If the --request-log
is enabled, you can get more details, in this case by looking for elapsed times matching the above messages, specifically 1,814 and 1,769 respectively:
{"coordinated_omission_elapsed":0,"elapsed":11401,"error":"","final_url":"http://apache/node/1557","method":"Get","name":"(Anon) node page","redirected":false,"response_time":1814,"status_code":200,"success":true,"update":false,"url":"http://apache/node/1557","user":2,"user_cadence":1727}
{"coordinated_omission_elapsed":0,"elapsed":11450,"error":"","final_url":"http://apache/node/5016","method":"Get","name":"(Anon) node page","redirected":false,"response_time":1769,"status_code":200,"success":true,"update":false,"url":"http://apache/node/5016","user":0,"user_cadence":1422}
In the requests file, you can see that two different user threads triggered Coordinated Omission Mitigation, specifically threads 2 and 0. Both GooseUser
threads were loading the same Transaction
as due to transaction weighting this is the transaction loaded the most frequently. Both GooseUser
threads loop through all Transaction
in a similar amount of time: thread 2 takes on average 1.727 seconds, thread 0 takes on average 1.422 seconds.
Also if the --request-log
is enabled, requests back-filled by Coordinated Omission Mitigation show up in the generated log file, even though they were not actually sent to the server. Normal requests not generated by Coordinated Omission Mitigation have a coordinated_omission_elapsed
of 0.
Advanced Techniques
Custom Metrics Collection
Implement additional CO detection:
#![allow(unused)] fn main() { use goose::prelude::*; use std::time::Instant; async fn monitored_request(user: &mut GooseUser) -> TransactionResult { let intended_start = Instant::now(); // Your actual request let result = user.get("/endpoint").await?; let actual_start = result.request.start_time; let schedule_delay = actual_start.duration_since(intended_start); // Log if request was significantly delayed if schedule_delay.as_millis() > 100 { user.log_debug(&format!( "Request delayed by {}ms", schedule_delay.as_millis() ))?; } Ok(()) } }
Real-time Monitoring
Use Goose's controllers for live detection:
# Enable real-time metrics via WebSocket
cargo run --release -- --websocket-host 0.0.0.0 --websocket-port 5117
# Monitor for:
# - Sudden drops in request rate
# - Spikes in response times
# - Increasing queue depths
Statistical Analysis Note
While Goose provides comprehensive data for analysis, determining statistical significance of performance changes requires additional tools and expertise. Goose produces the raw data you need, but interpretation remains your responsibility.

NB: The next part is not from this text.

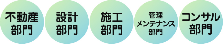 弊社は5つの部門に分かれ、お客様の土地・建物の設計施工・運用・メンテナンスまで、トータルに対応しています。物件のご相談はもちろん新築・リフォーム・建物の維持管理まで、不動産に関わるご相談に柔軟にお応えいたしますので、お気軽にお問い合わせください。

For detailed analysis, consider:
- Kolmogorov-Smirnov or Anderson-Darling tests for distribution comparison
- Note that CO-adjusted data is derived from raw data (not statistically independent)
- Export data via
--request-log
for external analysis
Summary
Goose's architecture inherently protects against coordinated omission through:
- Comprehensive data collection - Every request is tracked
- Accurate percentile calculations - Full distributions preserved
- Flexible configuration - Timeouts and modes for various scenarios
- Real-time visibility - Monitor and detect issues during tests
By following these practices and utilizing Goose's built-in protections, you can ensure your load test results accurately reflect real-world system behavior under load.